A flag with the logo of China’s Communist Party flies as people line up for COVID-19 tests at a testing site in an office complex in Beijing, Friday, April 29, 2022.
Credit: AP Photo/Mark Schiefelbein
China’s fight with COVID-19 has entered a new round. Following the country’s most severe outbreaks since the start of the pandemic, President Xi Jinping has instructed officials to double down on his signature “zero COVID” policy of strictly testing, tracing, and isolating positive cases. Drawing on Mao-era terminology, Xi declared that “perseverance is victory” in what he has dubbed a “people’s war” against COVID-19.
Xi’s latest words also signal an unprecedented level of political sensitivity around his maximum suppression strategy. In a warning against dissent, Xi called on officials to “resolutely struggle” against those who “distort, question or negate our nation’s pandemic containment policies,” conveying a distinctly nationalistic tone. This comes amid growing criticism of Beijing’s zero-tolerance approach from both domestic and foreign observers.
Numerous prominent figures have recently been censored after making bearish comments about China’s economy or questioning the legality of hardline measures. Even the director general of the World Health Organization has now become a victim of Beijing’s wrath, after he said that zero COVID was unsustainable.
At the same time, foreign business sentiment has been rapidly declining. The number of European companies that are considering divesting from China has more than doubled since the beginning of 2022. Meanwhile, Japanese brokerage firm Nomura has identified zero COVID as the dominant obstacle to growth in China.
The language of Xi’s recent warning also suggests that there is some divergence on zero COVID within the Chinese Communist Party. Speaking to the Politburo Standing Committee on May 5, Xi’s comments were notable for making no reference to the economic disruption of lockdowns. This contrasts with earlier Politburo statements, as well as recent comments by Premier Li Keqiang and Vice Premier Hu Chunhua.
Xi has sent a clear signal that he ultimately considers COVID-19 mitigation to be an even higher priority than the economy. This prompts an important question: Given all of the growing opposition and mounting economic disruption, why does China’s leader still feel the need to stick with such strict containment measures?
As I have explored before in The Diplomat, one reason is a narrative of systemic superiority that Beijing developed after its earlier success at suppressing COVID-19. It would also be a significant risk for Xi Jinping to change course during this politically charged year, in which he is expected seek a convention-breaking third term in power.

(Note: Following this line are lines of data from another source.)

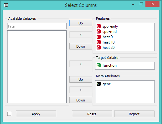 Membuka Select Columns akan memperlihatkan klasifikasi atribut Orange. Kita ingin semua atribut continuous menjadi fitur data, fungsi gene menjadi variabel target dan nama gene yang dianggap sebagai atribut meta. Kami dapat memperoleh ini dengan men-drag nama atribut di kotak di Select Columns: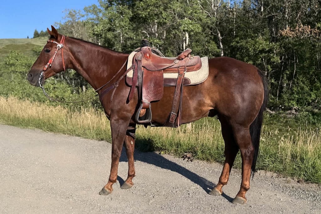Javier is a 9 year old gelding, standing approx. 15hh. He has been used at brandings, moving and sorting cows and bulls. He has a quiet disposition and is good to be around other horses. Good to trailer and stands good for farrier. His one quirk is he can be cinchy with time off. Once he is warmed up he's good to go. With that being said and experienced rider is recommended.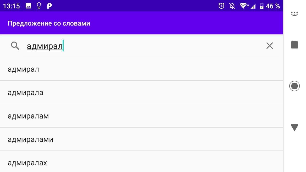 একটি শব্দ দিয়ে একটি বাক্য তৈরি করতে, অনুসন্ধানে আপনার শব্দটি প্রবেশ করান এবং তালিকা থেকে পছন্দসই শব্দটি নির্বাচন করুন, অ্যাপ্লিকেশনটি আপনার শব্দের সাথে সমস্ত বাক্য সন্ধান করবে, যাতে এটি বাক্যটির বিভিন্ন সদস্য হিসাবে কাজ করবে।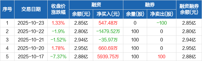 通达股份:融资净买入547.48万元,融资余额2.85亿元(10-23)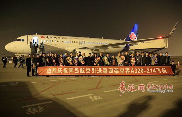 ????1月15日下午18:45時(shí),一架全新A320飛機(jī)由法國圖盧茲順利飛抵青島流亭國際機(jī)場(chǎng),標(biāo)志著第四架飛機(jī)正式加盟青島航空,這是青島航空2015年引進(jìn)的第一架全新空客A320飛機(jī),預(yù)計(jì)2015年底公司機(jī)隊(duì)規(guī)模將達(dá)到9架。

But Xi’s renewed commitment to zero COVID makes sense for another reason. During almost a decade in power, China’s leader has repeatedly shown a willingness to deprioritize economic growth in favor of political and social issues that he considers more urgent. Last year’s “common prosperity” campaign to redistribute wealth is a case in point, while efforts to alleviate rural poverty and protect the environment also fit this calculus.

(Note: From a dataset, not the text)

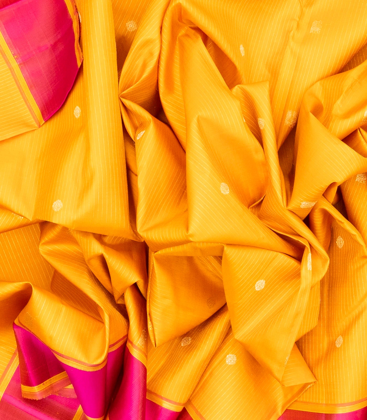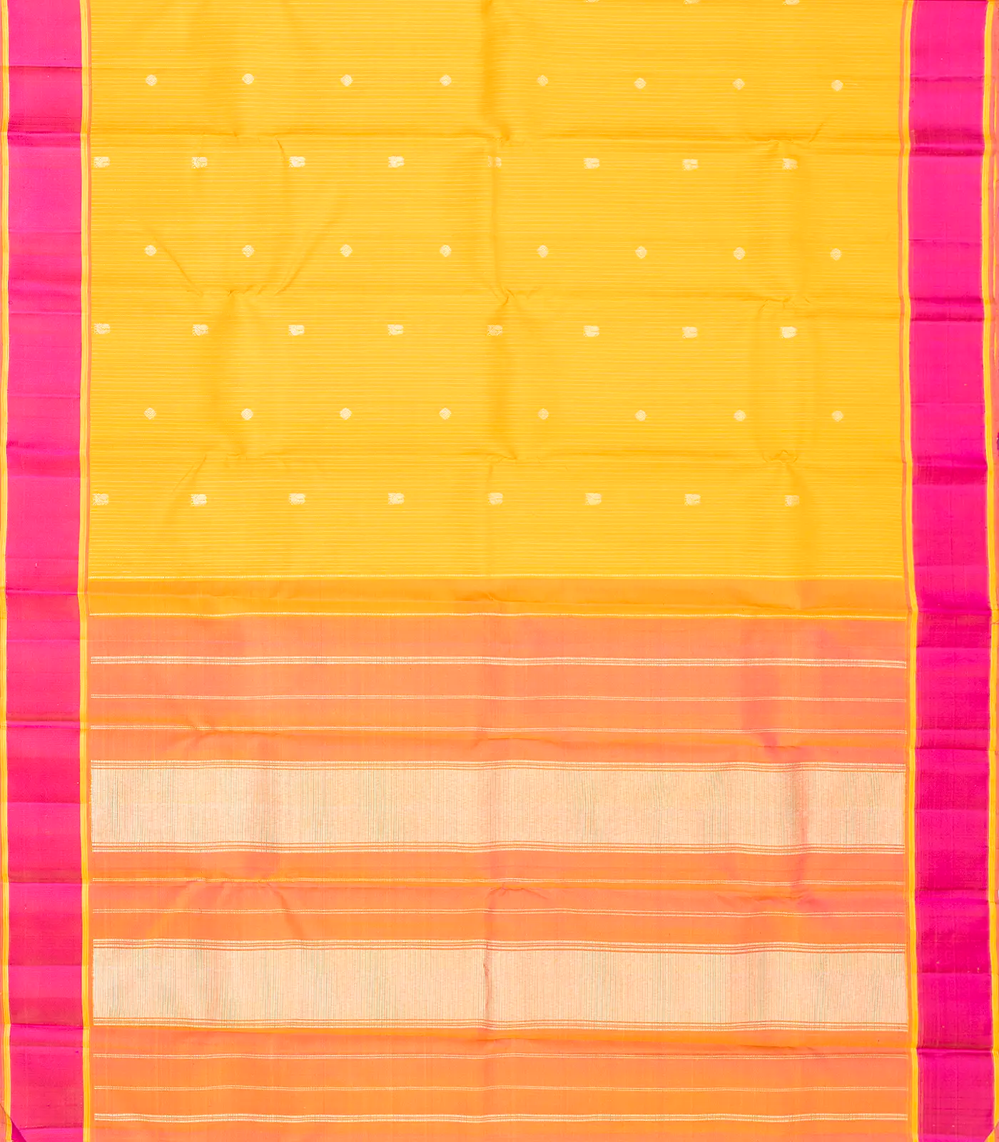 Yellow Handloom Kanchipuram Silk Saree With Stripes & Buttas

So far, these initiatives where Xi has sacrificed growth have been facilitated by a clear socio-political rationale, strong stakeholder support, and a stable economy. But zero COVID is now increasingly unable to depend on such favorable conditions. As the virus has become less deadly but more infectious, the logic of continuing with strict containment has weakened, support for the policy has waned, and the health of China’s economy appears to be rapidly deteriorating.

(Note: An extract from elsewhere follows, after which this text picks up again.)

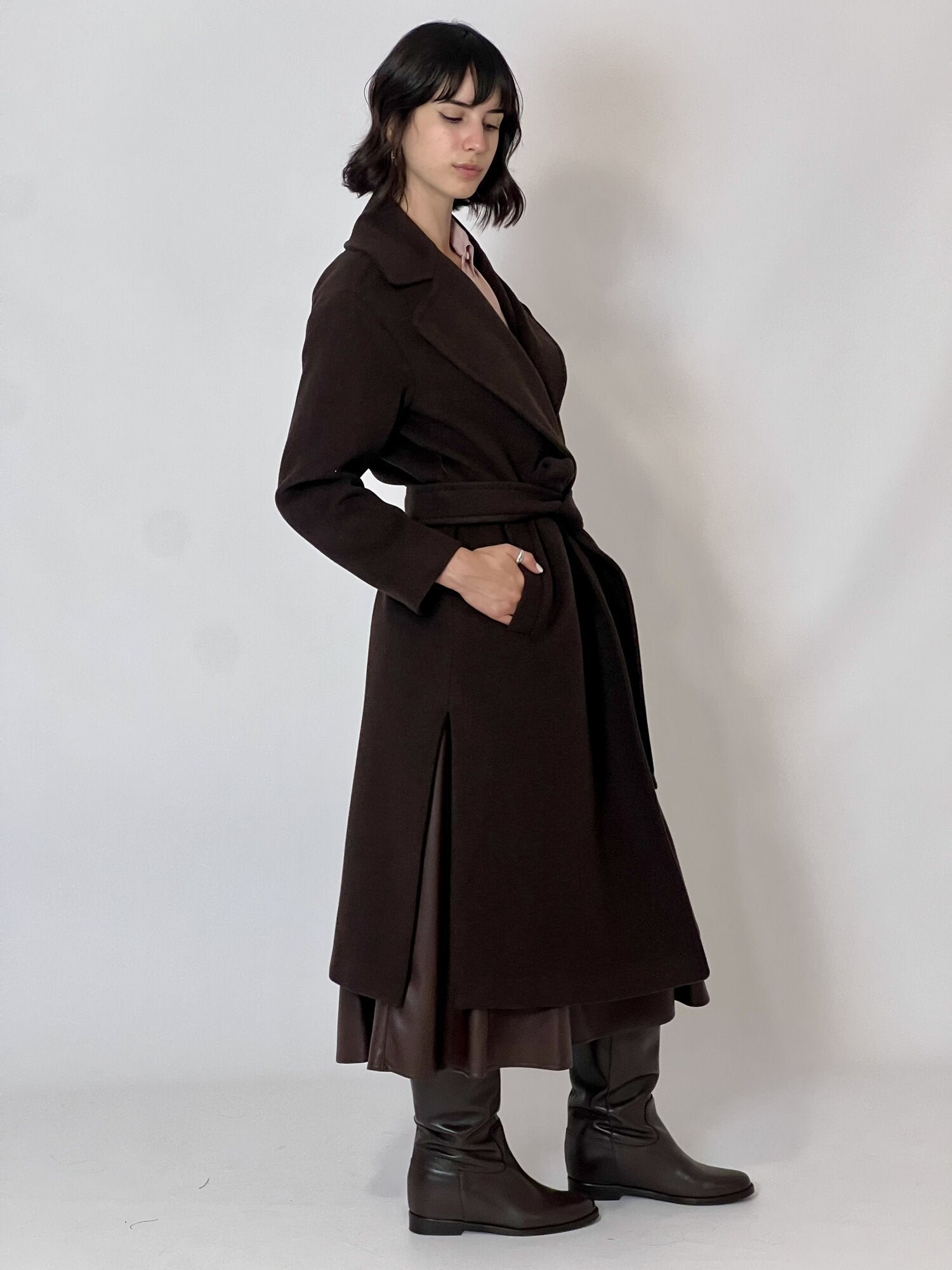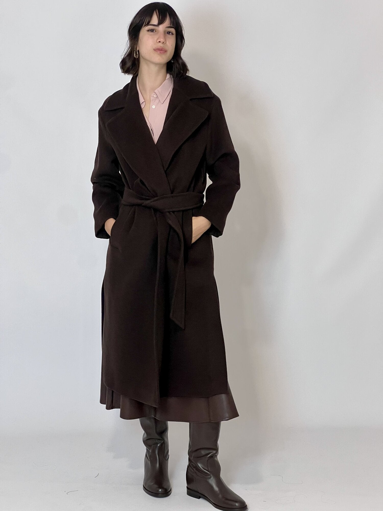 Cappotto con fusciacca Cadmio Moro di Emme di Marella. Cappotto in panno doppio unito, con fodera interna ed etichetta Manteco. Fit dritto. Scollo con rever. Chiusura doppiopetto con cintura. Spacchi laterali combaciati e tasche a filetto. Disponibile in moro.

This should be troubling for the Chinese president. The economy is a key political battleground in any country, but especially China, where consistent growth has been a major source of political legitimacy since the late 1970s. Xi knows this, and his administration has generally shown that it will fight political battles only where there is the economic cushion to do so.
Last year’s regulatory crackdown exemplifies this political-economic interplay. Though hugely disruptive, the intervention was practicable because of the economy’s relatively robust condition at the time (as an April 2021 statement made clear). Many citizens and officials voiced support for efforts to rein in monopolistic and invasive corporate practices. As growth has weakened, however, priorities have shifted, and Xi’s government appears to have paused its campaign against the “disorderly expansion of capital.”
So when might we see a similar inflection point in the calculus of zero COVID? Many are expecting a relaxation following the 20th National Party Congress, which recent precedent suggests may happen this October or November.
But while the Party Congress is no doubt hugely important, any U-turn on zero COVID may depend in large part on China’s macro-economic performance. Xi’s record suggests that he will only sacrifice growth up to the point that it does not threaten stability. And while first quarter indicators largely held steady, recent figures for exports and employment are painting an increasingly bleak picture of China’s economy.
If activity remains depressed over the next one or two quarters, the economic and social effects would start to be felt much more acutely. It is precisely this sort of politically destabilizing scenario that Xi needs to avoid and that could ultimately force him to change direction on zero COVID.